The remove_empty_object and add_ellipsis rewriters just help handle the first argument. My issue is with the $$$REMAINING_ARGS that get fed into the argument_spreader rewriter. I expected the $$$REMAINING_ARGS to just consist of siblings to the first argument, but those nodes' descendants are included as well.
I'm able to reduce some of these excess nodes by insisting that we should only match nodes that are arguments and even arguments in an Object.assign call, but it doesn't handle the case if we have the nested Object.assign({},Object.assign(a,b)). There appears to be no connection between the $$$REMAINING_ARGS variable inside argument_spreader to the rest of the rule. Otherwise, I think it would work.
You can play around with this rule at the ast-grep playground to test any of your ideas.
ast-grep's rewriter is a new and experimental feature! Thank you for trying out and it is quite natural if you cannot figure it out. Let's break down the issue and see how it can be done.

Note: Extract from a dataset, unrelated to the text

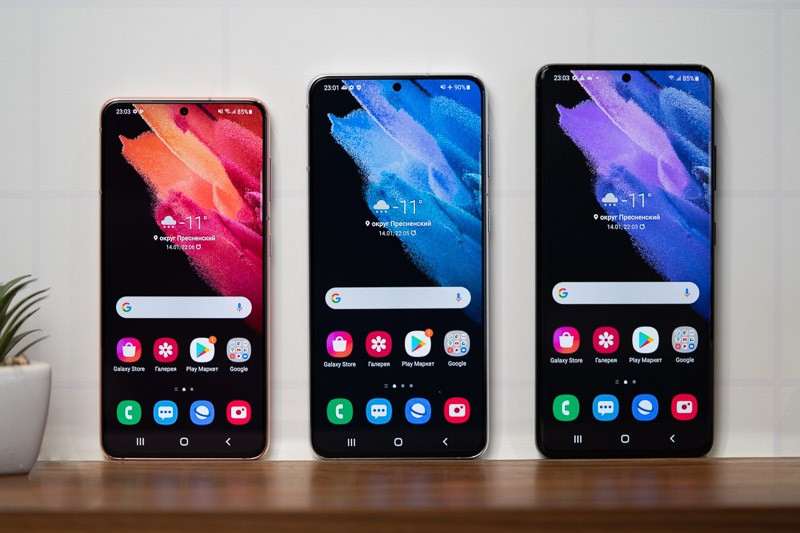 Все модели имеют степень защиты от воды и пыли IP68. Задник смартфонов – матовый, однако тыльную панель из стекла получили только S21+ и Ultra, у обычного S21 она сделана из поликарбоната, как у S20 FE.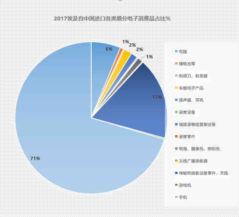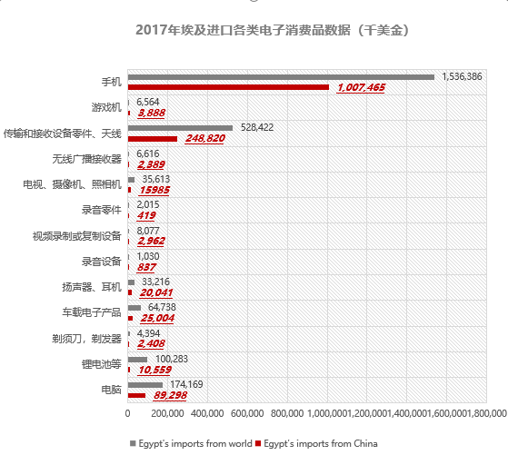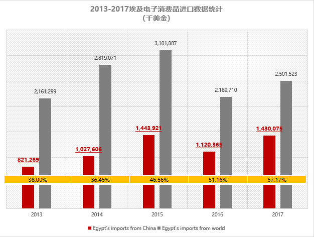 2017年埃及電子消費品進口量達25.01億美元。其中自中國進口14.30億美元,占比57.17%。近五年,埃及自中國進口家電增長了74.2%,中國電子消費品制造受到埃及人民歡迎。

First, let's elaborate our goal. If the JavaScript has an Object.assign call using an object literal as the first argument, we want to change it to object spread syntax.
The pattern below can achieve this goal.
rule:
pattern: Object.assign({$$$FIELDS}, $$$REMAINING_ARGS)
The pattern above takes advantage that {$$$FIELDS} is an expression that can be readily parsed by tree-sitter. It only matches object literal and the fields inside are captured by the meta variable $FIELDS.
Now let's try add add_ellipsis
rewriters:
- id: add_ellipsis
rule:
pattern: $ANYCONTENTS
fix:
...$ANYCONTENTS,
and then apply it to $$$REMAINING_ARGS
transform:
SPREAD_REMAINDERS:
rewrite:
rewriters: [argument_spreader]
source: $$$REMAINING_ARGS
I expected the $$$REMAINING_ARGS to just consist of siblings to the first argument, but those nodes' descendants are included as well.
Rewriter will be applied to all descendants. However, a rewriter should only match the first node in the tree and stops rewriting its children. There is a bug that descendant nodes are repeatedly rewritten. And it is fixed here.
Now let's assemble these pieces together! The most simple way is just spreading all objects.
fix: '{...{$$$FIELDS}, $SPREAD_REMAINDERS}'
See the playground
Note we have not optimized the rewriting above. We also want to:
Object.assign inside of Object.assign recursivelyThis is too long to be included in this answer. While it is possible to do it in YAML, using js-api may be a better choice.